О КНИГЕ
Это первая книга поэта и композитора из Калининграда — Александра Иванова.
Прежде его тексты существовали только в виде музыкальных альбомов:
1997 г. – «Хандра»,
1998 г. – «Саша – моряк»,
2001 г. – «Лирика».
Иванов Александр Иванович. Родился в г. Херсоне УССР 11 марта 1951 г. В 1973 г. закончил Калининградское высшее инженерно-морское училище. Работал на Севере, на судах Архангельского тралового флота, в Атлантическом отделении Института океанологии АН СССР на судне «Академик Сергей Вавилов» инженером. Гитарой увлёкся в 1969 году, будучи курсантом, сразу стал писать песни, участвовал в самодеятельности на судах и берегу.
Рука невольно тянется к гитаре.
— Саша, скажи, пожалуйста, первым в тебе проснулся поэт или композитор?
— Поэт. Но первым же и почил. Вернее, угасал временами до полного затухания в моменты, когда я терял интерес к главным вопросам жизни: зачем и как?..
А началось все в 9-м классе. Жил я тогда прошлым и мечтами. Будущего, в мыслях даже, коснуться не смел. А друг мой, Сергей, ходил в литобъединение, в газете печатался. Он меня и приобщил к «высокой литературе». Мы с ним только и делали, что, сидя на «камчатке», стихи через строчку писали на заданную нами же тему. Дома, правда, поодиночке творили. У него в стихах — ракеты, бомбы, вьетнамцы, Америка. А у меня – таборы, цыгане, телеги.… То, чего в жизни я не наблюдал.
— А как же лирика, любовь?
— Вспомнил, было:
Спят деревья древние.
В переулках ночь.
На мосту – царевна,
Кузнецова дочь.
Мучаясь, зовя ли,
Загрустила ты?
И в глазах завяли
Синие цветы…
— Девушка была реальной?
— И на тот момент любимой. А вообще в школе я ничего всерьез не делал.

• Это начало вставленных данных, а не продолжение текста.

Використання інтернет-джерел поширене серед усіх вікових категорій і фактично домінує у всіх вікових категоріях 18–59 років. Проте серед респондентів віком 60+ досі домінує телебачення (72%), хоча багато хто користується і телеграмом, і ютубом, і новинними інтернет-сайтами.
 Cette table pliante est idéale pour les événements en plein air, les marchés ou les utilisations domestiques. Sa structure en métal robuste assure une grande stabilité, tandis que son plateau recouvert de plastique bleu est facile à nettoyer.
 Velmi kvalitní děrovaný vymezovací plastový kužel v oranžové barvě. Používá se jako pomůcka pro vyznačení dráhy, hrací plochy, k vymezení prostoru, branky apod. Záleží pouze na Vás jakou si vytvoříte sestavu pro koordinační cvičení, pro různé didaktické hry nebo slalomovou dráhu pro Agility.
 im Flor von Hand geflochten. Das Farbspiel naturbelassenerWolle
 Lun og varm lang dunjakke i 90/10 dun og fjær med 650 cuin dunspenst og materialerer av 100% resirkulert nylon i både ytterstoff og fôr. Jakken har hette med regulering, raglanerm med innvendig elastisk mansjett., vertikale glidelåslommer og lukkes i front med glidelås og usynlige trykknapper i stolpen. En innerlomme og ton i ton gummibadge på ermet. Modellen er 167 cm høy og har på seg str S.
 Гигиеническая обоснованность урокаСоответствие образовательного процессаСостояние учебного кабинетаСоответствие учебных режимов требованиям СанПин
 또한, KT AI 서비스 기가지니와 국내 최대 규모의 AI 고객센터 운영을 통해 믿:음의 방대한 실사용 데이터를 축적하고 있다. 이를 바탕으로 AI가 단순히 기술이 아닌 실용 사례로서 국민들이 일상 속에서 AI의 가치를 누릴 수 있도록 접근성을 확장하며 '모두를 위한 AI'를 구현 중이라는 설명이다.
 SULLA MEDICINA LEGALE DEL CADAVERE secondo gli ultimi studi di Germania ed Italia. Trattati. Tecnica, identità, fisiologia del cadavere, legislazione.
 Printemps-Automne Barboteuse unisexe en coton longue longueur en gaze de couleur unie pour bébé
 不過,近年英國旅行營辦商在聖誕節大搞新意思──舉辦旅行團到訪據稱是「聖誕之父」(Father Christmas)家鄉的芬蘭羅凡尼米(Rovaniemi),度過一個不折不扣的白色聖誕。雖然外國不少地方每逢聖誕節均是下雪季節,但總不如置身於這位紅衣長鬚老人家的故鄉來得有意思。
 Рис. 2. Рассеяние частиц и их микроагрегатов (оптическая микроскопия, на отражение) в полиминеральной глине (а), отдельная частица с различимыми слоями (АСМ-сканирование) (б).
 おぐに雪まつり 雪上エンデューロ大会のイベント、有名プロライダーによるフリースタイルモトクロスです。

После десятилетки поступил в КВИМУ. Тогда же, поддавшись влечению и моде, научился играть на гитаре.… Много пел Визбора, толком не представляя, кто он такой.
— А свою первую песню помнишь?
— Вот строки одной из первых:
Слова твои, как ветхая одежда,
Мою не согревали больше кровь,
Любовь твоя была скорей надеждой
На будущую дальнюю любовь…
…Советами не увлекайтесь нужными,
Вы с опытом не станете нежней.
Любовь свою встречайте безоружными,
Тогда не будет в мире вас сильней…
— Саша, полжизни ты провел в морях. Как ты чувствовал себя в интеллектуально-упрощенной обстановке?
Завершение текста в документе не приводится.